Furthermore, the Utility is subject to cyber-security risks primarily related to breaches of security pertaining to sensitive customer, employee, and vendor information maintained by the Utility in the normal course of business, as well as breaches in the technology that manages natural gas distribution operations and other business processes. A loss of confidential or proprietary data or security breaches of other technology business tools could adversely affect the Utility’s reputation, diminish customer confidence, disrupt operations, and subject the Utility to possible financial liability, any of which could have a material affect on the Utility’s financial condition and results of operations. The Utility closely monitors both preventive and detective measures to manage these risks and maintains cyber risk insurance to mitigate a significant portion, but not all, of these risks and losses. To the extent that the occurrence of any of these cyber events is not fully covered by insurance, it could adversely affect the Utility’s financial condition and results of operations.

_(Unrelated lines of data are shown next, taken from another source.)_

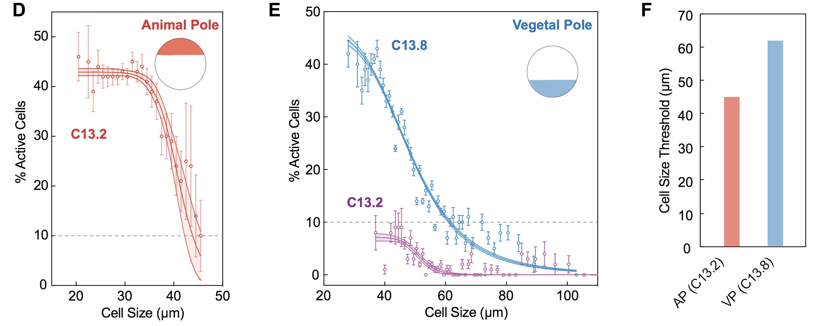 (F) Cell size threshold for transcription at the animal and vegetal pole. We define ZGA initiation for a bin of cells as 10% of cells being activated. Here this occurs at a size threshold of ~ 45 µm at the animal pole and ~ 62 µm at the vegetal pole. Data fit using Hill function, with 95% CI band.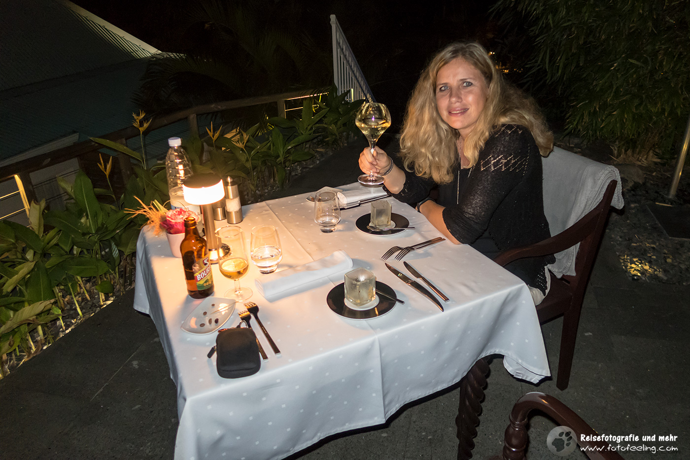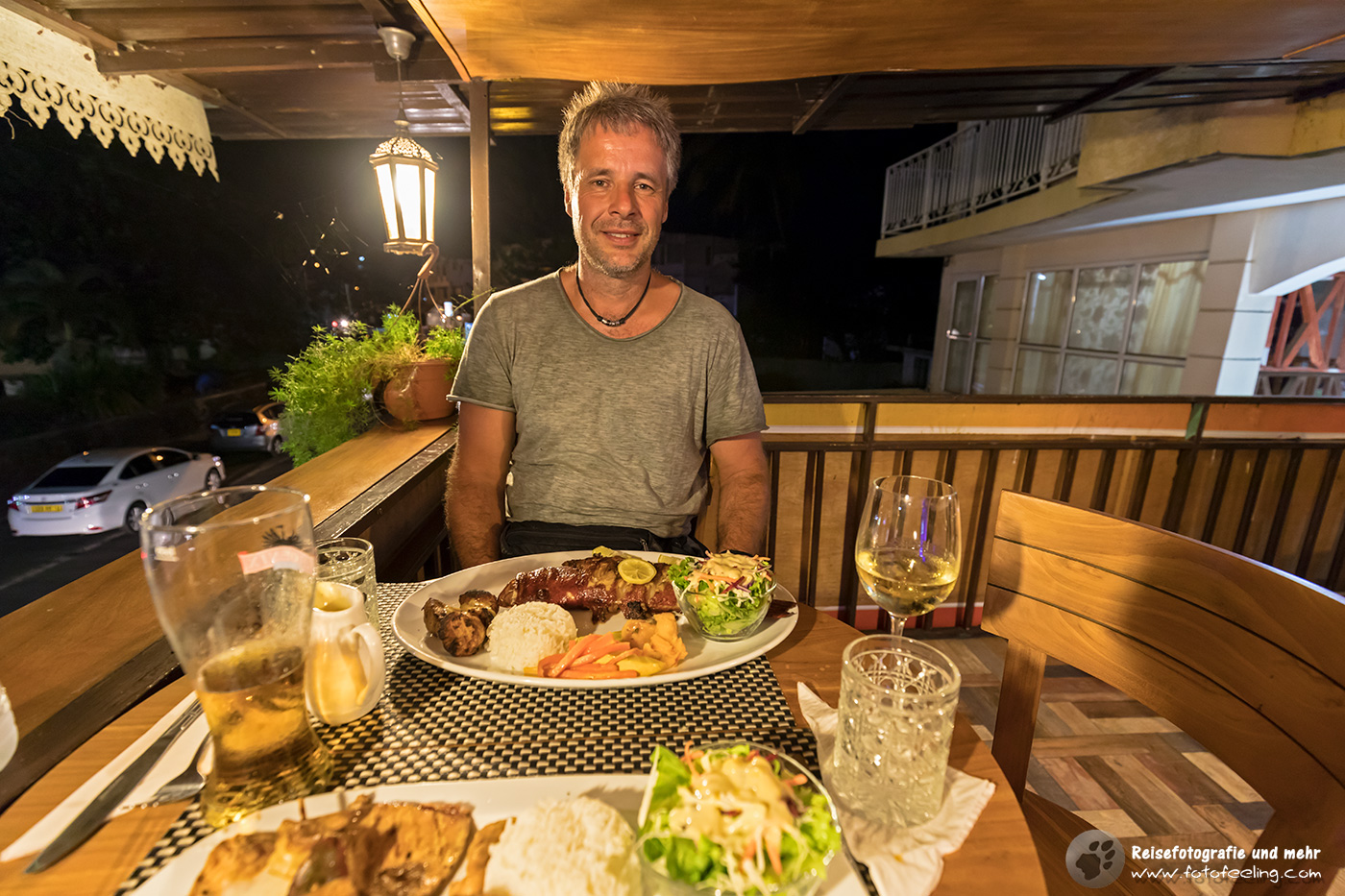 Auch an diesem Abend fuhren wir noch einmal zum Essen. Yves hatte uns ein Restaurant empfohlen, wo man typisch kreolisch essen kann. Abenteuerlich und sehr kurvig ging es hinab ans Meer, wo wir in der Nähe des Restaurants einen der letzten Parkplätze ergatterten.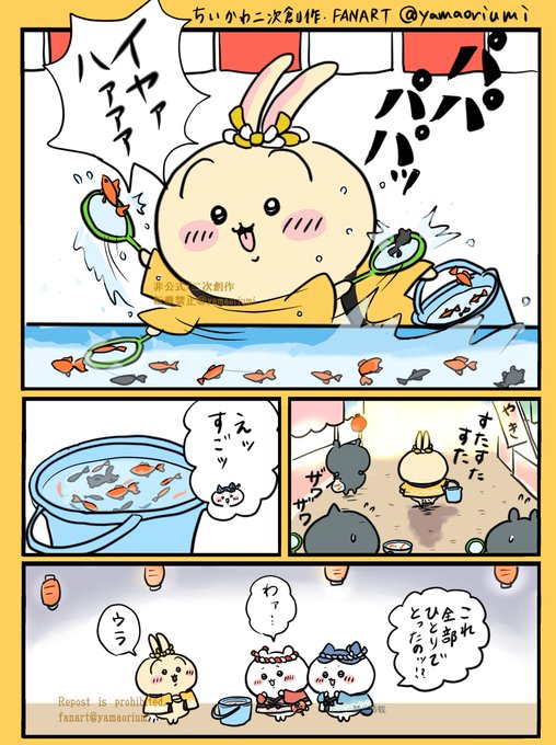 302 2659 縁日の法被がかわいくて・・・ バケツ持参で金魚すくいするうさぎ。めちゃくちゃすくいそう。ちいハチちゃんに見せるまでがセット。 #fanart #ファンアート 23/06/25 09:59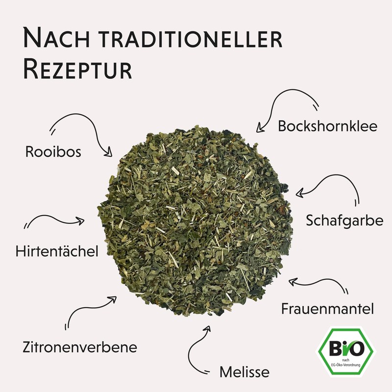 - TRADITIONELLE REZEPTUR: Frauenmantel, Hirtentäschel, Schafgarbe, Rooibos, Bockshornklee, Melisse, Zitronenverbene - 80 g loser Bio Kräutertee ohne Aromastoffe und ohne weitere Zusätze.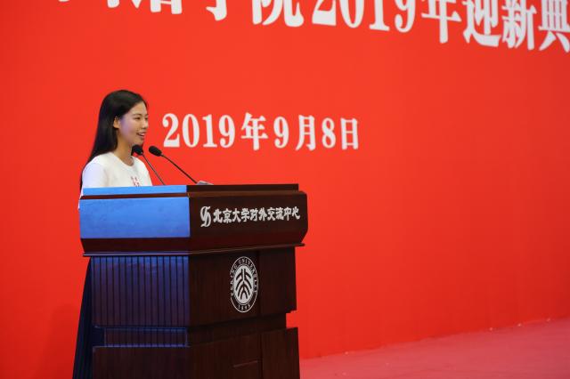 2019级英语系乐动在线郭若菲代表本科新生发言。她认为,正是因为向上的信念,大家才能在燕园里相遇,共同书写青春故事。她表示,新一代的外院人将传承前辈们的辉煌火炬,像一代代外院人一样以语言为舟楫,架起文化沟通的桥梁,完成时代赋予北大外院人的使命。
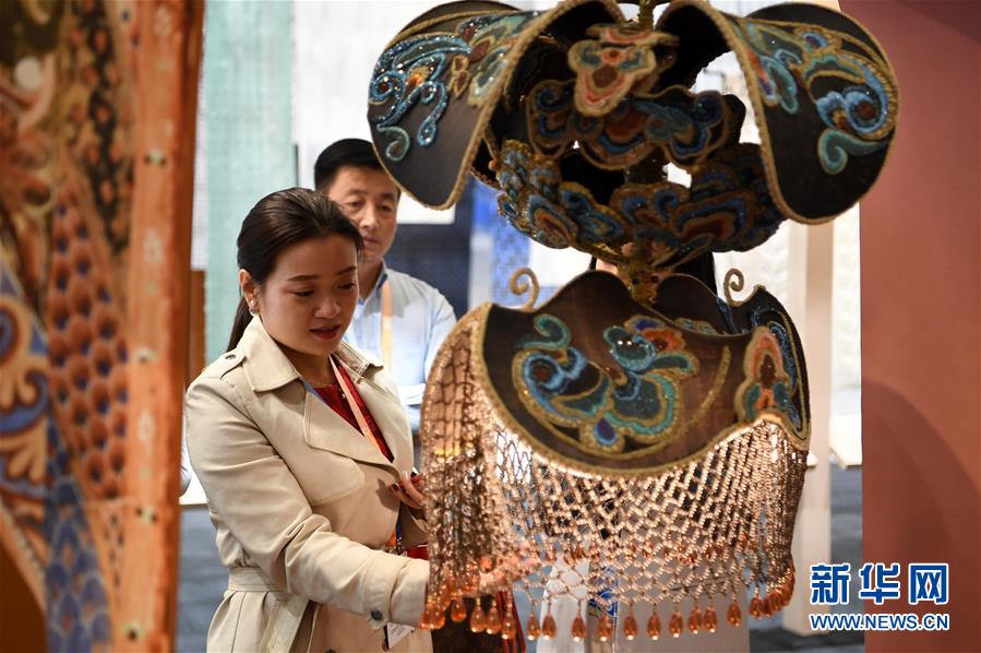 9月27日,在敦煌國(guó)際會(huì)展中心,參觀者欣賞展出的藝術(shù)品。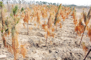 后来在这位好心市民的一再要求下,他们就找来工作人员,按常规把树坑挖深点、浇足水,希望能有奇迹发生栽活几棵,不枉那位市民的一番心意。可从目前状况看,和栽前预料的一样,500多棵湿地松全部死亡,成活下来的都是黑松。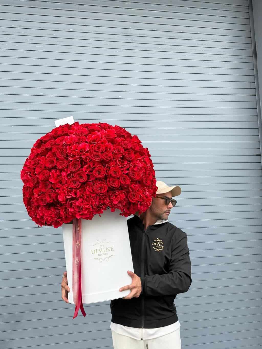 Una verdadera declaración de amor y lujo. Este arreglo de gran tamaño presenta aproximadamente 150 rosas premium, diseñadas artísticamente con exuberantes hortensias frescas cortadas para crear una cúpula abundante y elegante que deja una impresión duradera. Presentado en nuestra característica caja de gran tamaño My Divine Decors, terminada con delicados detalles de cinta, esta pieza está hecha para detener corazones y llamar la atención.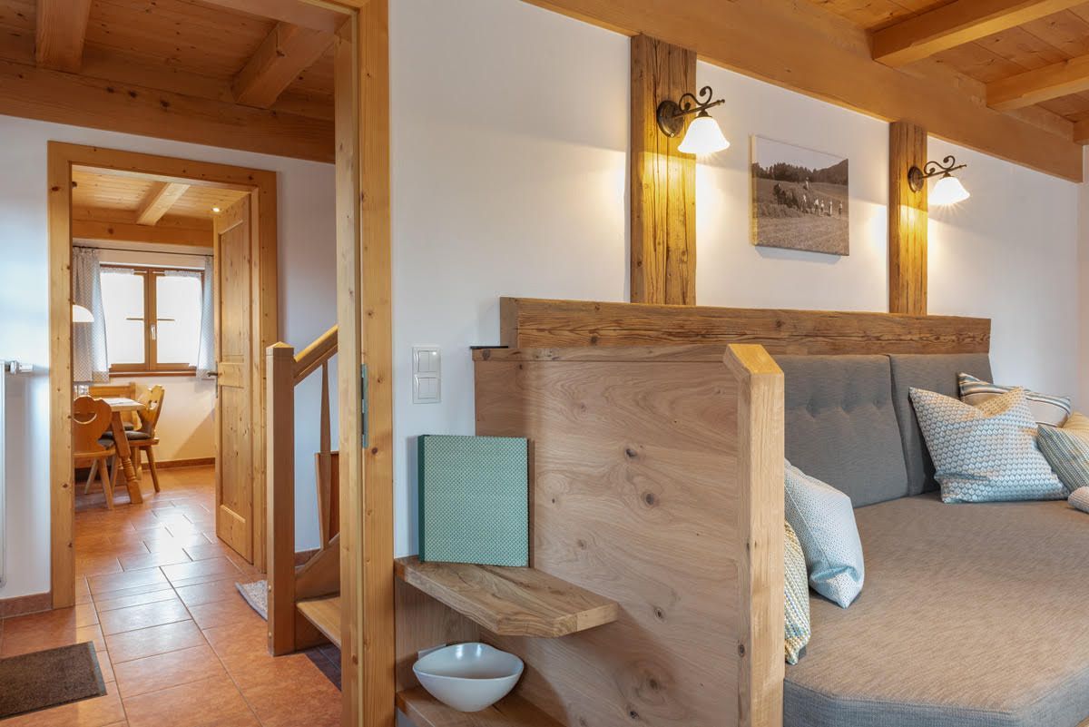 Unser Biobauernhof liegt in der Gasse. Die Gasse ist ein ruhiger Ortsteil etwas oberhalb von Gmund und ist geprägt von wunderschönen bäuerlichen Anwesen. Unser Hof ist umgeben von grünen Wiesen mit Sicht auf Wälder und Berge. Beim Errichten unserer Ferienwohnungen war uns die Ökologie sehr wichtig. Deshalb haben wir als Baumaterial Holz verwendet und sogar teilweise unser eigenes Holz z.B im Dachstuhl verbaut. Natürlich wird auch mit unserem eigenen Holz geheizt. Aus der Leitung kommt frisches Bergquellwasser.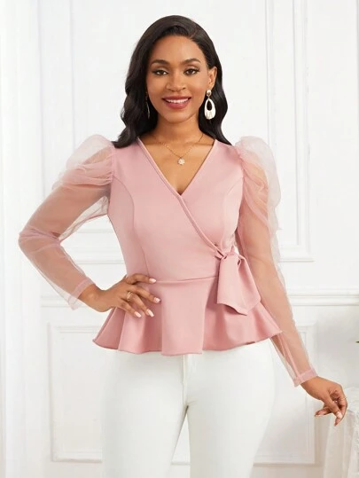 SHEIN Lady Women's Leg-of-mutton Sleeve Blouse With Ruffle Hem & Knot Detail - Pink - View 1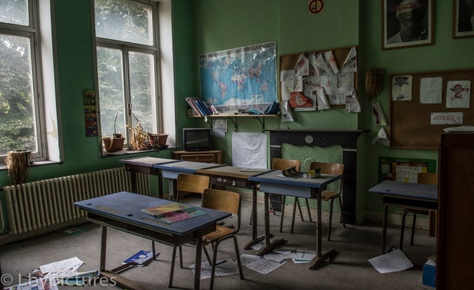 Binnen is het echt supertof om te zien hoe leerlingen hier vroeger les kregen, en de turquoise details geven het geheel een bijzondere, bijna magische sfeer. Zo’n plek laat je even terug in de tijd stappen en zorgt voor een unieke urbex-ervaring.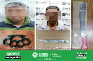 San Luis Potosí, S.L.P.- Elementos de la Guardia Civil Estatal lograron la detención de dos hombres que presuntamente se apoderaron de propiedad ajena y mercancía

Laclede Gas has also completed the acquisition of the assets and liabilities of MGE in Kansas City. Through fiscal 2015, the Utility will be integrating MGE’s data into Laclede’s systems. During this time the Utility will also be evaluating the security controls both process and tool based in place at MGE.

Catastrophic events may adversely affect the Utility's facilities and operations.

Catastrophic events such as fires, earthquakes, explosions, floods, tornados, terrorist acts, or other similar occurrences could adversely affect the Utility's facilities and operations. The Utility has emergency planning and training programs in place to respond to events that could cause business interruptions. However, unanticipated events or combination of events, failure in resources needed to respond to events, or slow or inadequate response to events may have an adverse impact on the Utility’s operations, financial condition, and results of operations. The availability of insurance covering catastrophic events may be limited or may result in higher deductibles, higher premiums and more restrictive policy terms.

Changes in accounting standards may adversely impact the Utility's financial condition and results of operations.

The Utility is subject changes in U.S. Generally Accepted Accounting Principles (GAAP), SEC regulations and other interpretations of financial reporting requirements for public utilities.  The company has no control over the impact these changes may have on our financial condition or results of operations nor the timing of such changes. The potential issues associated with rate-regulated accounting, along with other potential changes considered by U.S. Financial Accounting Standards Board continues to consider various changes to U.S. GAAP may be significant.

RISKS RELATED TO THE COMPANY'S ACQUISITION OF MISSOURI GAS ENERGY (MGE) ASSETS AND LIABILITIES AS WELL AS THE ACQUISITION AGREEMENTS WITH SOUTHERN UNION COMPANY AND ALGONQUIN POWER & UTILITIES CORP REGARDING NEW ENGLAND GAS ASSETS AND LIABILITIES.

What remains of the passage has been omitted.